If I were Latino, or from some other culture that postpones gift-giving until Jan. 6th, the day when tradition has it that the three kings visited Jesus, we'd be better off. But I can't see persuading the kids that it will be fun to be the only ones in the neighborhood not to have opened presents by Dec. 25.

What we finally decided to do was give Santa some competition. Thanks to the inspiration of a friend who is a youth minister, we celebrated St. Nicholas Day on Dec. 6, as my husband did in his European childhood home.

We made St. Nick seem much more fun than the other Santa. The girls (now 8 and 5) made St. Nicholas cookies. They put their shoes in front of their bedroom door on the night of the 5th so that St. Nicholas could fill them with candy and gum. We drew each other's names out of a bowl and for a week did secret good deeds for each other.

I thought that the candy in the shoes would be the hit of the festivities, but the secret good deeds were far and away the favorite. Andrea raced to make Katie's bed in the morning while Katie brushed her hair; Katie left a skull ring Andrea had been coveting on her pillow.

My husband and I got into it just as much as the kids. He pretended not to hear me dragging the garbage cans to the curb at 11 p.m., and I feigned sleep while he did the laundry at 6 a.m.
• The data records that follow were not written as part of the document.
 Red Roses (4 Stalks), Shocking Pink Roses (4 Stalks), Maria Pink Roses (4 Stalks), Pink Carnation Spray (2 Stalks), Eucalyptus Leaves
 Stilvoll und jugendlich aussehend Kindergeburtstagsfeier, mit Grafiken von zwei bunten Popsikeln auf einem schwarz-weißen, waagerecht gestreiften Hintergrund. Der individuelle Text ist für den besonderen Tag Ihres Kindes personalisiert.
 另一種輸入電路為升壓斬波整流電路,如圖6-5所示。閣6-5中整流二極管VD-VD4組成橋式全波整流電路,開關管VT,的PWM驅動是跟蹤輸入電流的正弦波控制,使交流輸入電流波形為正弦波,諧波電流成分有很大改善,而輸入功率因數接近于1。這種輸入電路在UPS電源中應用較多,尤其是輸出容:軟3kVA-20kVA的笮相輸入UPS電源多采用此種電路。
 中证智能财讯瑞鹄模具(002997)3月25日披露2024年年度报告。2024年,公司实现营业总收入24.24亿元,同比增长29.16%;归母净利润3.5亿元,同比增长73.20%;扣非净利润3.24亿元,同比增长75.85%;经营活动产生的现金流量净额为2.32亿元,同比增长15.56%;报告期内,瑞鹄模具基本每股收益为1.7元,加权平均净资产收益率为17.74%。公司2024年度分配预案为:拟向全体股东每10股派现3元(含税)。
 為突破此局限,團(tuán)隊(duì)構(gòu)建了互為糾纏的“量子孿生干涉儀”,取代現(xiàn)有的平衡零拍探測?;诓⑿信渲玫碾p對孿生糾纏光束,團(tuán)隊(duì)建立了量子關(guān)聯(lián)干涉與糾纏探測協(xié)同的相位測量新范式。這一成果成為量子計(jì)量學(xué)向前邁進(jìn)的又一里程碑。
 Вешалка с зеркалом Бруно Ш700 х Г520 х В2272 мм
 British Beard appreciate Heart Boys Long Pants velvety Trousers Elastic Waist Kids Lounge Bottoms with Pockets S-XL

We're continuing to observe our usual rituals of tree-buying and decorating, putting those fake candles in the windows and a real wreath on the front door, making mounds of technicolor, sprinkle-encrusted cookies that the kids want preserved untouched (no problem).
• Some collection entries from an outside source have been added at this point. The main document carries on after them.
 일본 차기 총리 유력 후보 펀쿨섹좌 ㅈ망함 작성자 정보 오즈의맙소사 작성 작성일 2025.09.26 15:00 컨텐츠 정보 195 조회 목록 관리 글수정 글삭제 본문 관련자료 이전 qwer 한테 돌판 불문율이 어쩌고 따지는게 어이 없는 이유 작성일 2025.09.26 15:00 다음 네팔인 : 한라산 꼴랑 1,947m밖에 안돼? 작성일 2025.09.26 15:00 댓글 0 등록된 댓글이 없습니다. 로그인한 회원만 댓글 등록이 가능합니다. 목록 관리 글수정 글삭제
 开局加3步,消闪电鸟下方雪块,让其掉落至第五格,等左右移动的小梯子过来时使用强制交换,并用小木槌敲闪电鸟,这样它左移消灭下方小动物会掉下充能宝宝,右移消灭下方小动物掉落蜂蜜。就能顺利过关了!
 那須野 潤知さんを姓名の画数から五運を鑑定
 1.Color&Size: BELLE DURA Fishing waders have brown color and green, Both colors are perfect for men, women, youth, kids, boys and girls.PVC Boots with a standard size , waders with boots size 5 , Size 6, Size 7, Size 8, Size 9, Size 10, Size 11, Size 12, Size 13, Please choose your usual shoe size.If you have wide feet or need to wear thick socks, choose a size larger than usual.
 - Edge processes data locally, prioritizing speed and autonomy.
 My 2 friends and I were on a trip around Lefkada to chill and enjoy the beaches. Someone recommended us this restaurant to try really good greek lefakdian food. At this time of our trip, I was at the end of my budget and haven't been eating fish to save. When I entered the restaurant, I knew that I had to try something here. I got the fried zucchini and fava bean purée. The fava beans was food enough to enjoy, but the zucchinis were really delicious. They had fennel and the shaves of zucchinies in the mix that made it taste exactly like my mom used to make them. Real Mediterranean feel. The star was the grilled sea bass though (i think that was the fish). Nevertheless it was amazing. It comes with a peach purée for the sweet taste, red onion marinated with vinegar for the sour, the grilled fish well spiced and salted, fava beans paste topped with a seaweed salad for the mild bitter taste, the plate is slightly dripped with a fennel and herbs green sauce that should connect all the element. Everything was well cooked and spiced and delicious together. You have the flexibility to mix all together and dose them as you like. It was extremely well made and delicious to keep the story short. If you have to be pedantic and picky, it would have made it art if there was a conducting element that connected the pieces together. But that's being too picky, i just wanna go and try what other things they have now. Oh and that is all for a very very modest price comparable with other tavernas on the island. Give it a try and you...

But as casually as possible, we've been talking with the girls about Santa. We've used the opportunity to do some gentle re-education, emphasizing that no one out there is watching them and keeping a list of the good, the bad and the snuggly.

If we can continue to nudge Santa out of the limelight, Christ's birthday will, I hope, be more like Easter, his second birth, where everyone starts with a clean slate, and the goodies are handed out regardless of one's track record -- by a magical rabbit, of course.


By Elizabeth Bobrick

Elizabeth Bobrick is a visiting scholar in the Department of Classical Studies at Wesleyan University. She writes This Won’t End Well: On Loving Greek Tragedy, on Substack.